No. 3: Killian Hayes, Point Guard
The 2020 NBA Draft appeared to be absolutely loaded with primary ball-handlers. Anthony Edwards and LaMelo Ball at the top were seen as elite prospects, while Tyrese Haliburton slipped to the end of the lottery but was still seen as a solid player whom many had in their Top-5 (and obviously has proven to be a Top-3 player in the class). That list also included French point guard Killian Hayes, a player some draft pundits had as high as No. 1 overall on their draft boards.
Hayes ultimately went No. 7 overall to the Detroit Pistons and has failed to develop into anything more than a bench guard over the past three-plus seasons. The Pistons ended up waiving Hayes to make room for other trades, placing the 22-year-old guard on the open market.
Hayes is a solid defender and decent playmaker; the real obstacle to his development into a rotation guard is his shot, and that led The Ringer's Kevin O'Connor to suggest the Thunder, and shooting coach Chip Engelland, as an ideal landing spot.

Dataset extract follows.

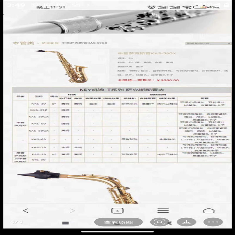 【汇生】KEY凯逸 中音萨克斯管KAS-59GX【议价】

The Thunder have a loaded rotation and depth outside of it, so they don't have to use both of their open roster spots on veterans. They could give Killian Hayes a shot and play him heavy minutes with the Oklahoma City Blue, then give him a robust offseason development regimen. If he shows promise by training camp, they may have gained a valuable young guard. If not, they can move on before the season.